▸ TASK OBJECTIVE
When you print the records below, keep every word exact and leave out the images.

▸ PROVIDED MATERIAL
================

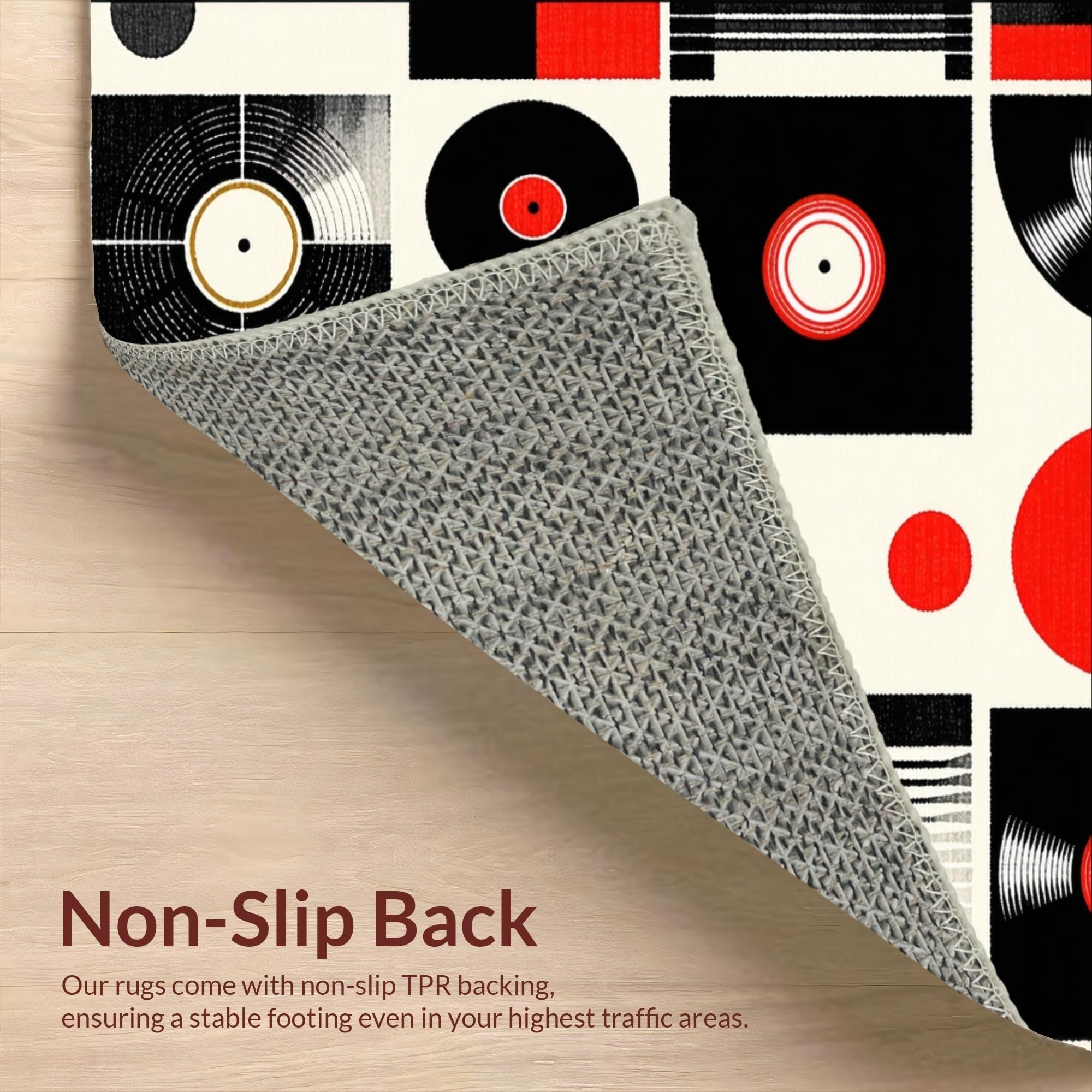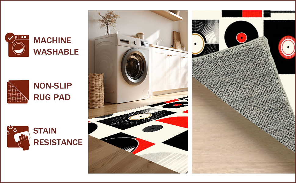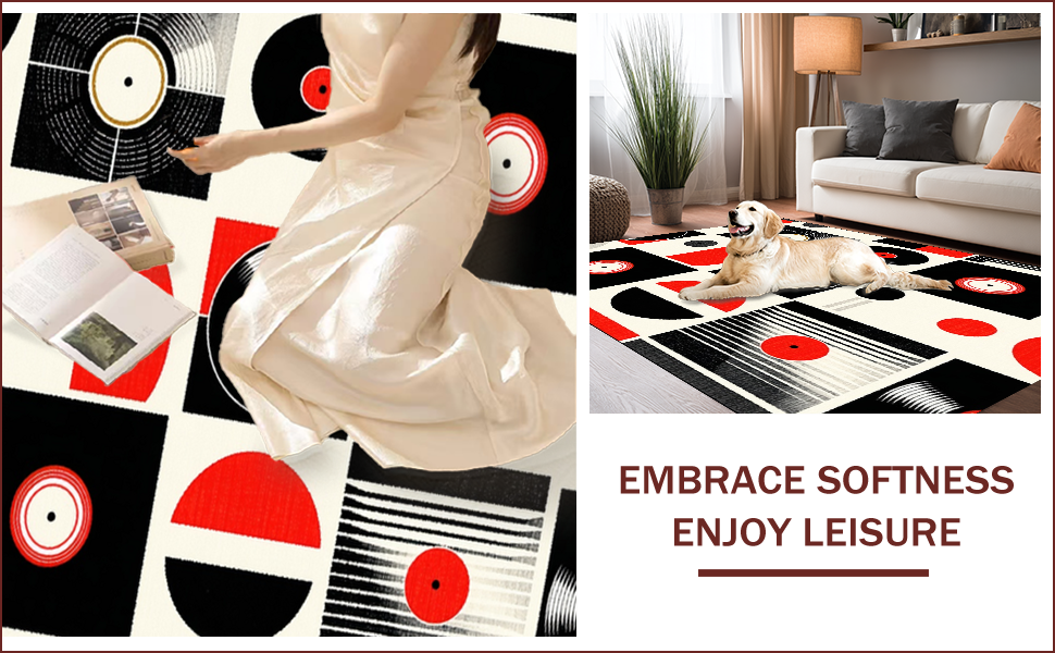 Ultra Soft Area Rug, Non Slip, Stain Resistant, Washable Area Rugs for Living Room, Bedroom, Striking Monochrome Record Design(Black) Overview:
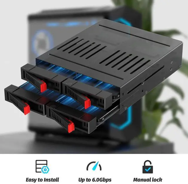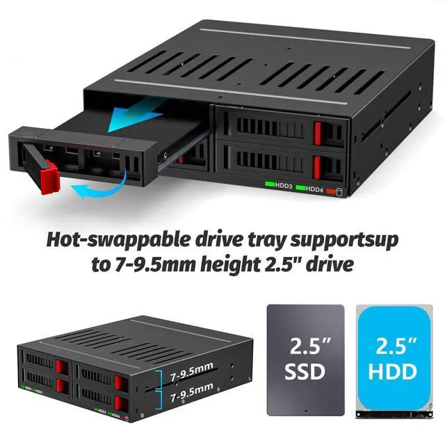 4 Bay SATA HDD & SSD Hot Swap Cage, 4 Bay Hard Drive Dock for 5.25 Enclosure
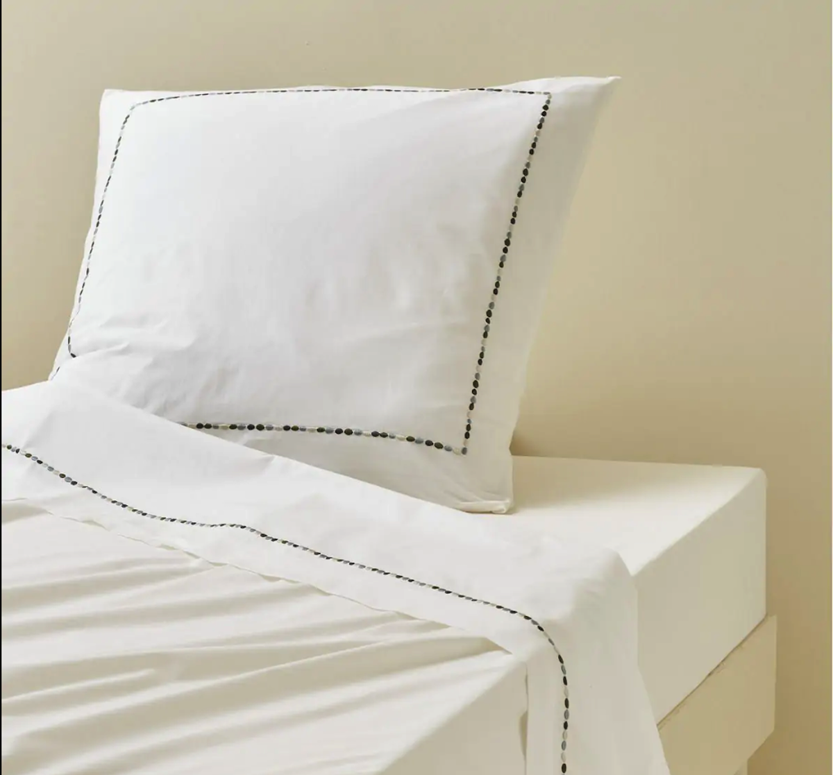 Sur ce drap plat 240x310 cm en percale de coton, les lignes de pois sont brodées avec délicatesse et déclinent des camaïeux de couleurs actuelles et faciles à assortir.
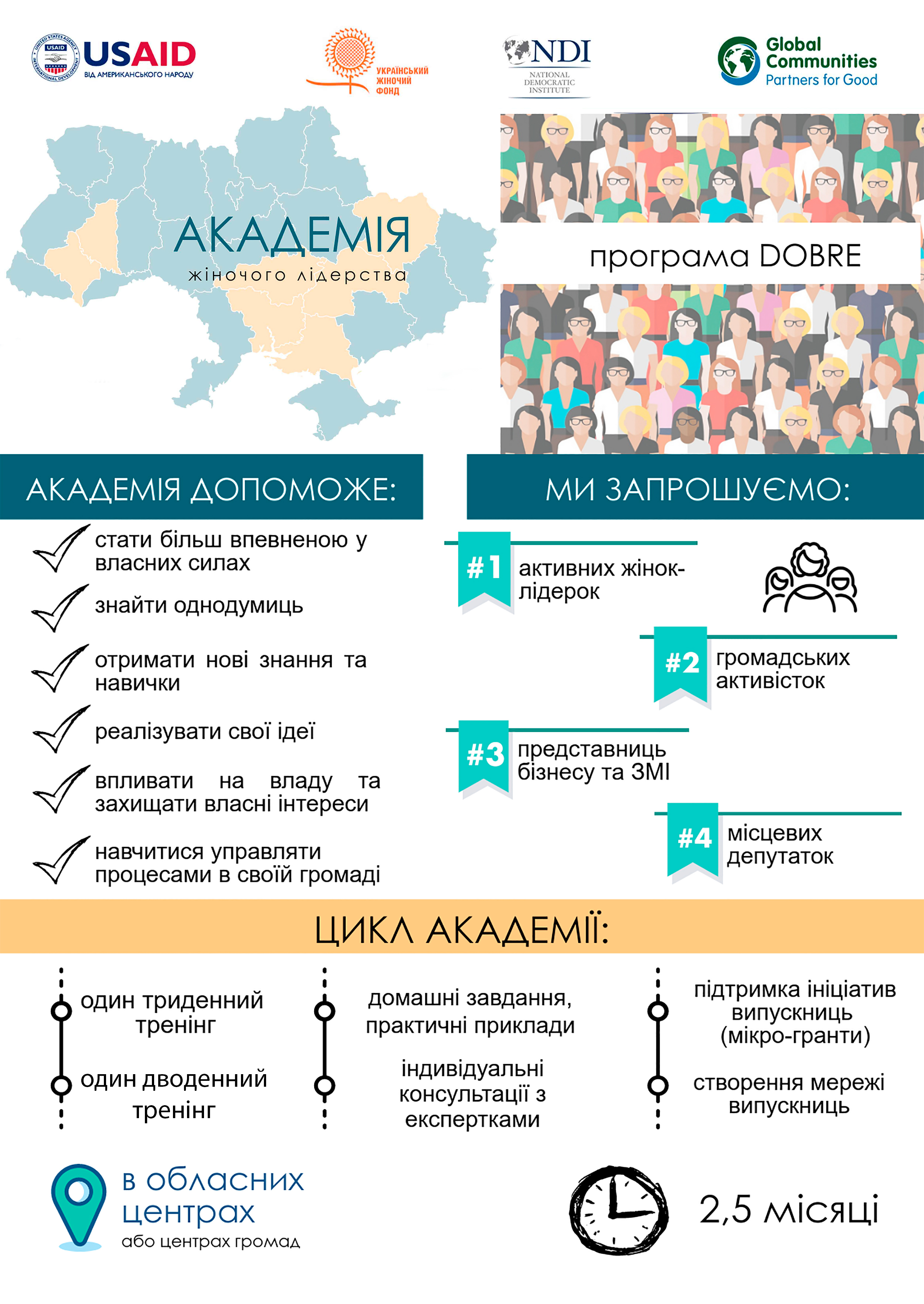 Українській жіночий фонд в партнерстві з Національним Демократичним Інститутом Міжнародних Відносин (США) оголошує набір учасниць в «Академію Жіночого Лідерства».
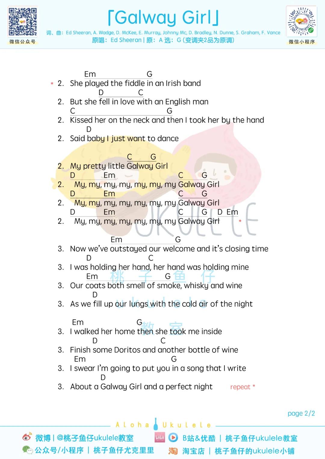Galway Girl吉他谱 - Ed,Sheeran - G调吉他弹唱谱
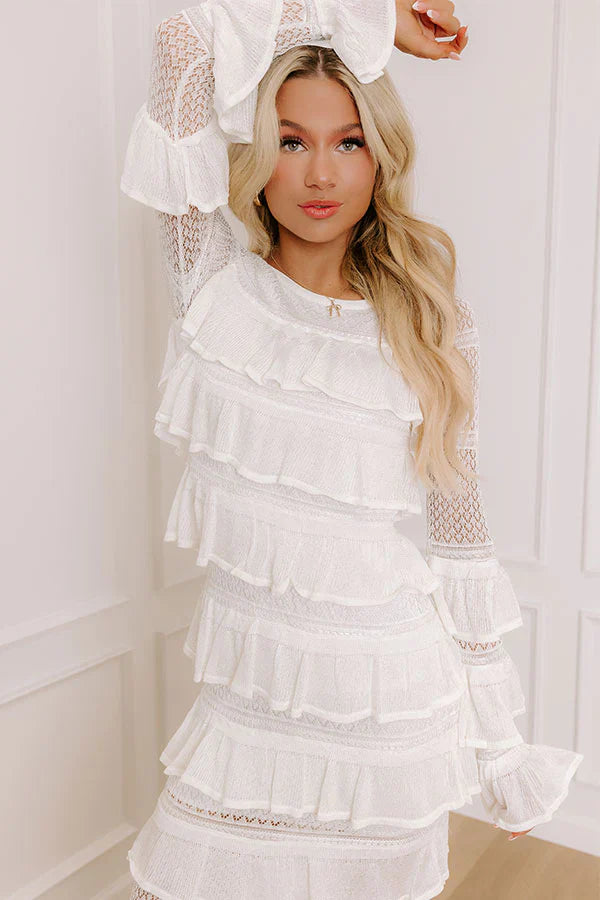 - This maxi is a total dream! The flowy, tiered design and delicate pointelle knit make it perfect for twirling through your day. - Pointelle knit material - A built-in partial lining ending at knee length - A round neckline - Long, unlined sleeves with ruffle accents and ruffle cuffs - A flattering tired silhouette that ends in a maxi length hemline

================

▸ ANSWER SPACE
 Ultra Soft Area Rug, Non Slip, Stain Resistant, Washable Area Rugs for Living Room, Bedroom, Striking Monochrome Record Design(Black) Overview:
 4 Bay SATA HDD & SSD Hot Swap Cage, 4 Bay Hard Drive Dock for 5.25 Enclosure
 Sur ce drap plat 240x310 cm en percale de coton, les lignes de pois sont brodées avec délicatesse et déclinent des camaïeux de couleurs actuelles et faciles à assortir.
 Українській жіночий фонд в партнерстві з Національним Демократичним Інститутом Міжнародних Відносин (США) оголошує набір учасниць в «Академію Жіночого Лідерства».
Galway Girl吉他谱 - Ed,Sheeran - G调吉他弹唱谱
 - This maxi is a total dream! The flowy, tiered design and delicate pointelle knit make it perfect for twirling through your day. - Pointelle knit material - A built-in partial lining ending at knee length - A round neckline - Long, unlined sleeves with ruffle accents and ruffle cuffs - A flattering tired silhouette that ends in a maxi length hemline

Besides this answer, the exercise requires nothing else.